Probability, in its modern philosophical interpretations, can mean very different things (Hájek, 2012). Frequentism refers to “forward probability”: the probability of seeing particular data given a state of the world. For example, *p*-values give the probability of seeing data so at odds with the null hypothesis, given that the null hypothesis is true. The most accessible, classical cases of forward probability focus on randomization devices such as dice and cards, for which each of a set of outcomes is equally likely. In contrast, Bayesianism focuses on “backward probability”; it is epistemic in nature, with “probability” describing our degree of confidence in an inference about the state of the world. Rather than promoting a single interpretation of probability or confusing students by presenting multiple interpretations simultaneously, we introduced notions of probability one at a time throughout the semester, in historical order. First, we worked with dice and playing cards to reinforce classical probability, trying to counter the outcome orientation by forcing students to consider dice rolls as a group. Then we did exercises with irregular dice (Bramald, 1994) to combat equiprobability bias during the transition from classical to frequentist probability. Some students had already encountered this distinction during K–12 as “theoretical” versus “experimental” or “empirical” probability. Here, we addressed outcome orientation again, stressing that however rare an event is, it can still happen, and that frequencies are the only way to put a number on this. We used combinatorics for both classical and frequentist probabilities, connected via the binomial distribution.

We introduced Bayesian probability much later in the semester, out of fear that content on subjective probability would accidentally reinforce the outcome orientation. Bayes’ theorem was taught in the context of medical-screening programs such as mammography (Gigerenzer, 2002) and Ioannidis’ argument that “most published research findings are false” (Ioannidis, 2005).
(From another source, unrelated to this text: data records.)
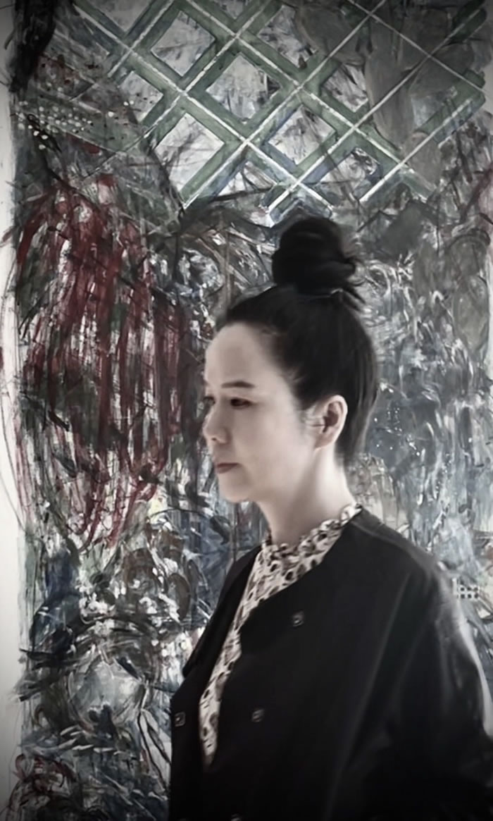 对于她来说,边界是模糊又清晰的,是一个个不断逝去而又不断重新开始的设置,有点像电脑的不断重启,或是生命多元化的不同呈现。在辗转于纽约、伦敦和北京循回的生活中,不同语言、不同文化、不同历史在她身上体现了个体身份不断叠加融合的多重性,在不同的集体关系中,不同的环境体验下的身份感是微妙的、流动的,这也给她的艺术创作赋予了多元文化意识的思考,甚至转变为打破原有概念的实验性,探索着创作的新的可能性。她通过一系列综合材料的运用、现成品的剪贴、多种颜料的使用、多维度的线性装置等形式,以个性化的视角重组碎片化的当代生活,试图打破性别、年龄、地域、文化甚至身份的界限。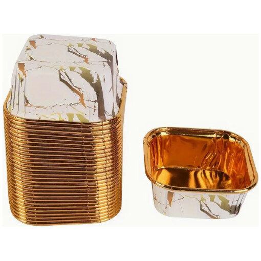 Baking Cups White & Gold Marble Square 12 pack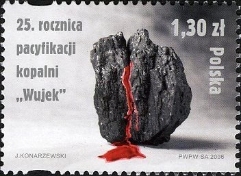 Visibility: public Image owner: none postage 12/16/2006 1.30z multi issue=25th Anniversary of the Pacification of the Wujek Mine unwmk Crops No visible images cropped from this one. Measurements Resolution is unknown. Source Source name: Colnect File URL: http://i.colnect.net/images/b/3064/208/Wujek-Coal-main-Massacre-25th-anniv.jpg Uploaded July 15, 2016, 8:36 pm by Stan Shebs |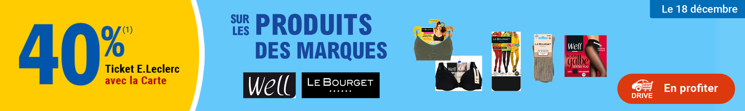 Auteur Sujet: Leclerc : 40% en ticket leclerc sur marques Well et Le Bourget (Le 18/12)  (Lu 86 fois)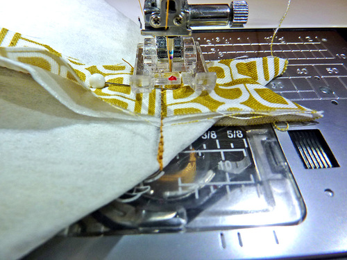 - Using a ½” seam allowance, stitch both sides and across the bottom, pivoting at the corners.

The latter required a strong grounding in type I versus type II errors, built up during work on the likelihood ratio test. Conditional probability was introduced using real data on breast cancer incidence, with students exploring tables of data themselves before receiving formal instruction designed to distinguish between prob(A|B) and prob(B|A), in this case, prob(die of breast cancer|die young) ≠ prob(die young|die of breast cancer). Building on this foundation, Bayes’ theorem was then taught using dot diagrams and natural frequency trees (Sedlmeier and Gigerenzer, 2001; Figure 1) rather than via the equation.

Figure 1.

Use of a natural frequency tree to implement Bayes’ theorem. For this problem, the information given is “About 0.01% of men with no known risk factors have HIV. HIV+ men test positive 99.9% of the time. HIV− men test negative 99.99%**...**

We left out many traditional biostatistics topics, including observational statistics. We taught mean, SD, variance, and SEM as background to the insight that the effect size that a study has adequate power to detect is proportional to one divided by the square root of the number of patients. But we did not teach correlation as a formal mathematical concept, although we did mention it informally when we stressed the importance of a randomized intervention as the only way to sort out association versus causation. For example, we contrasted early observational results that women undergoing hormone replacement therapy have better health (Grodstein *et al.*, 1996) with later contradictory results from randomized trials (Women’s Health Initiative Steering Committee, 2004), drawing attention to how socioeconomic factors confound the former result but not the latter. Incoming students were all too keen to assert that it is impossible to reach conclusions without “controlling for” every conceivable confounding factor; omitting correlation almost until the end of the course allowed us to stress the power of randomization to remove the need to do this and hence distinguish causation from correlation alone.

The basics of randomization turned out to be surprisingly hard to teach and required substantial time. We used a previously developed active-learning exercise in which students assign playing cards randomly into two groups (Enders *et al.*, 2006) and extended this exercise to have students physically implement a matched-pair design using playing cards. This was later reinforced by an exploration of alternative study designs, in particular comparing parallel groups with crossover design and with *N* of 1 designs.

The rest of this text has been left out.